Your assignment: Starting at the line that contains "не стать жертвой", retype each line to the end of the listing below. Include both ends, but not the pictures.

Material provided:

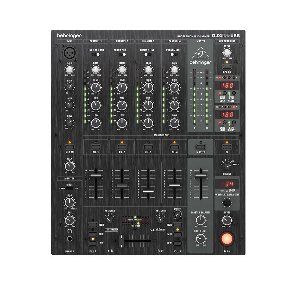 Behringer DJX900USB DJ микшерный пульт со счетчиком темпа, 5 входных каналов (4 стерео, плюс микрофонный), 3D-surround, процессор эффектов, VCA-кроссфейдер, USB аудио интерфейс
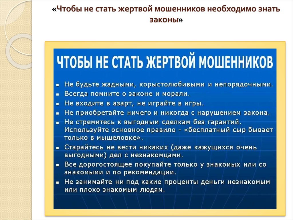 «Чтобы не стать жертвой мошенников необходимо знатьзаконы»
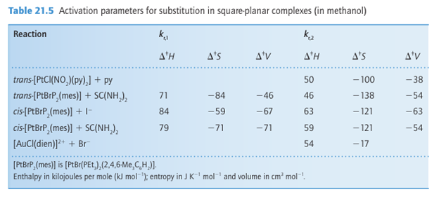 Key point: Negative volumes and entropies of activation support the view that the rate-determining step of square-planar Pt (II) complexes is associative. Another clue to the nature of the transition state comes from the entropies and volumes of activation for reactions of Pt (II) and Au (III) complexes (Table 21.5). The entropy of activation is obtained from the temperature dependence of the rate constant, and indicates the change in disorder (of reactants and solvent) when the transition state forms. Likewise, the volume of activation, which is obtained (with considerable difficulty) from the pressure dependence of the rate constant, is the change in volume that occurs on formation of the transition state. 1Note that the stereochemistry is quite different from that of p-block central atoms, such as Si (IV) and P(V), where the leaving group departs from the more crowded axial position.

Task response:
 «Чтобы не стать жертвой мошенников необходимо знатьзаконы»
 Key point: Negative volumes and entropies of activation support the view that the rate-determining step of square-planar Pt (II) complexes is associative. Another clue to the nature of the transition state comes from the entropies and volumes of activation for reactions of Pt (II) and Au (III) complexes (Table 21.5). The entropy of activation is obtained from the temperature dependence of the rate constant, and indicates the change in disorder (of reactants and solvent) when the transition state forms. Likewise, the volume of activation, which is obtained (with considerable difficulty) from the pressure dependence of the rate constant, is the change in volume that occurs on formation of the transition state. 1Note that the stereochemistry is quite different from that of p-block central atoms, such as Si (IV) and P(V), where the leaving group departs from the more crowded axial position.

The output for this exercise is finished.